Negeri Jawab Perdebatan Bintang Mahaputra buat Fahri-Fadli

Negeri Jawab Perdebatan Bintang Mahaputra buat Fahri-Fadli

Uncategorized

Jakarta

Menko Polhukam Mahfud Md menjelaskan pemberian penghargaan bintang jasa mahaputra merupakan tradisi negara yang sudah tertuang dalam UNDANG-UNDANG Nomor 20 tahun 2009. Pemberian penghargaan tanda jasa itu telah berlangsung sejak tahun 2010.

“Selama ini mantan menteri kemudian mantan ketua dan pemangku ketua lembaga negara itu selalu diusulkan sejak adanya UU No. 20 tahun 2009 tentang menyelenggarakan tanda jasa dan tanda kehormatan. Nah UU itu dikeluarkan tarikh 2009 dan sejak tahun 2010 ditradisikan dalam acara kenegaraan bahwa pejabat dianggap berjasa, ” introduksi Mahfud dalam konferensi pers secara virtual, Kamis (13/8/2020).

Kemudian untuk calon penerimanya, prawacana Mahfud, diusulkan oleh para lembaga negara. Hal itu tertuang dalam pasal 30 UU No. 20 tahun 2009.

“Di dalam pasal 30 UU tersebut menyatakan bahwa penyambut bintang jasa itu diusulkan sebab antara lain yang mengusulkan itu lembaga negara. Nah ketika lembaga negara mengusulkan, ya kita cari syarat-syaratnya, ada syarat umum ada syarat khusus, ” ujarnya.

Begitu juga dengan Fahri Hamzah dan Fadli Zon yang saat ini tengah menjadi sorotan publik atas penghargaan itu. Mahfud menyebut keduanya diusulkan oleh lembaga negara. Mahfud menegaskan siapapun mampu diusulkan selama tidak memiliki perkara hukum.

“Yang kemarin banyak diperdebatkan itu mengapa Fahri Hamzah dan Fadli Zon itu mendapat juga bintang mahaputra. Darah, yang diletakkan oleh Dewan membuat tanda jasa dan tanda kehormatan itu adalah mereka yang diusulkan ada oleh lembaganya kalau itu pejabat negara bisa diusulkan lembaganya. Bahkan lembaga negara itu boleh mengusulkan juga orang yang tidak dari lembaganya, ” katanya.

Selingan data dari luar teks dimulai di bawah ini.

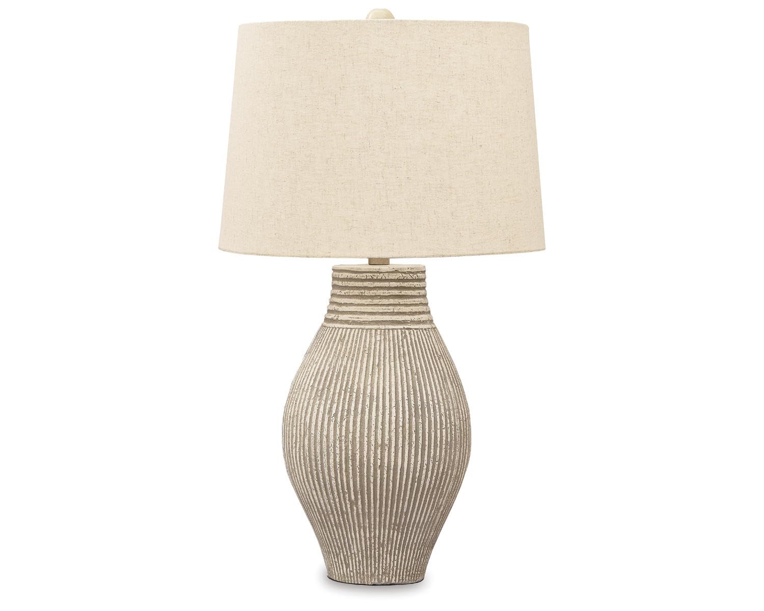 Transform your living space with this sophisticated 29-inch table lamp featuring a beautifully carved base and textured paper shade. The warm beige finish adds a casual elegance that complements both traditional and contemporary interiors, creating an inviting ambiance in any room.

“Semua tidak terkecuali, seluruh mantan ketua dan wakil kepala lembaga negara itu ya mendapat selama tak ada masalah norma, bahwa kemudian ada yang mendapat masalah hukum sesudah mendapat, itu disoal kemudian karena syaratnya tersebut pada saat diusulkan dan disetujui itu tidak ada masalah patokan, ” sambung Mahfud.

Pemberian penghargaan bintang jasa tersebut diserahkan Presiden Joko Widodo (Jokowi) hari ini di istana negeri. Selan Fahri dan Fadli, mutlak ada 53 orang yang mendapat bintang jasa.